This paper describes the ohmic contact formation of single crystalline 3C-SiC thin films heteroepitaxially grown on Si(001) wafers. In this work, a TiW (Titanium-tungsten) film as a contact matieral was deposited by RF magnetron sputter and annealed with the vacuum and RTA (rapid thermal anneal) process respectively. Contact resistivities between the TiW film and the n-type 3C-SiC substrate were measured by the C-TLM (circular transmission line model) method. The contact phases and interface the TiW/3C-SiC were evaulated with XRD (X-ray diffraction), SEM (scanning electron microscope) and AES (Auger electron spectroscopy) depth-profiles, respectively.
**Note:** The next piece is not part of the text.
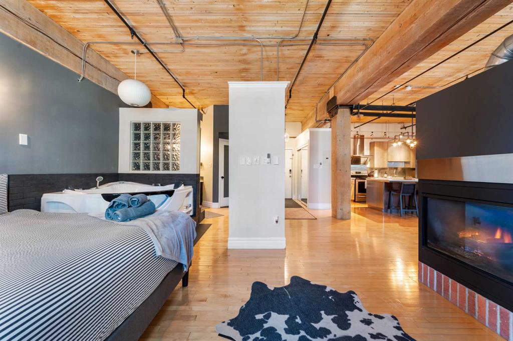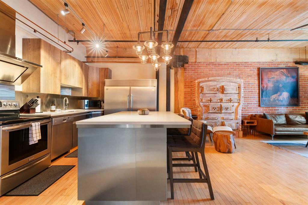 Downtown living at its finest, right on vibrant 10th Avenue SW, just steps from some of Calgary’s coolest restaurants, cafés, and nightlife. This exceptional loft is located in Calgary’s oldest warehouse, originally built in 1909 by the Hudson’s Bay Company, and thoughtfully converted into distinctive residential and commercial live-in lofts. The open-concept layout proudly showcases the building’s heritage, featuring original fir wood ceilings, exposed brick, drop-down beams, and exposed piping, all seamlessly complemented by sleek contemporary finishes. The gourmet kitchen is thoughtfully designed for both form and function, offering stainless steel appliances, a Miele dishwasher, quartz countertops, a Frigidaire refrigerator, and custom cabinetry. A striking central island provides the perfect setting for casual dining or entertaining. Steeped in history yet effortlessly modern, this space showcases true industrial elegance with soaring 13-foot ceilings and original architectural character that speaks to its storied past and inspires creativity and innovation in every corner. Large windows flood the loft with natural light, enhancing the open-concept layout and emphasizing the rich textures and craftsmanship found throughout. One of the few buildings that allows both residential and commercial use, this versatile loft offers flexibility as a stylish home with generous living and dining spaces or as an inspiring professional workspace, complete with a convenient two-piece bathroom. The expansive bedroom—easily adaptable as a premium office—features a luxurious ensuite with a tub and separate shower, along with a spacious closet. French doors open to a Juliet balcony, filling the space with natural light and fresh air. This is loft living redefined—a rare fusion of heritage and contemporary style. The raw, artistic aesthetic creates a canvas for personal expression, while the expansive layout offers flexibility for both everyday living and entertaining. Whether you’re drawn to its vintage charm, creative energy, or unbeatable downtown location, this loft offers a unique urban sanctuary in the heart of Calgary. The building features private underground parking, a generous separate storage space, and a fitness facility. A true blend of heritage meets modernity, this one-of-a-kind residence is perfect for those who appreciate history, character, and the energy of inner-city living.

The TiW film annealed at $1000^{\circ}C$ for 45 sec with the RTA play am important role in formation of ohmic contact with the 3C-SiC substrate and the contact resistance is less than $4.62{\times}10^{-4}{\Omega}{\cdot}cm^{2}$. Moreover, the inter-diffusion at TiW/3C-SiC interface was not generated during before and after annealing, and kept stable state. Therefore, the ohmic contact formation technology of single crystalline 3C-SiC using the TiW film is very suitable for high temperature MEMS applications.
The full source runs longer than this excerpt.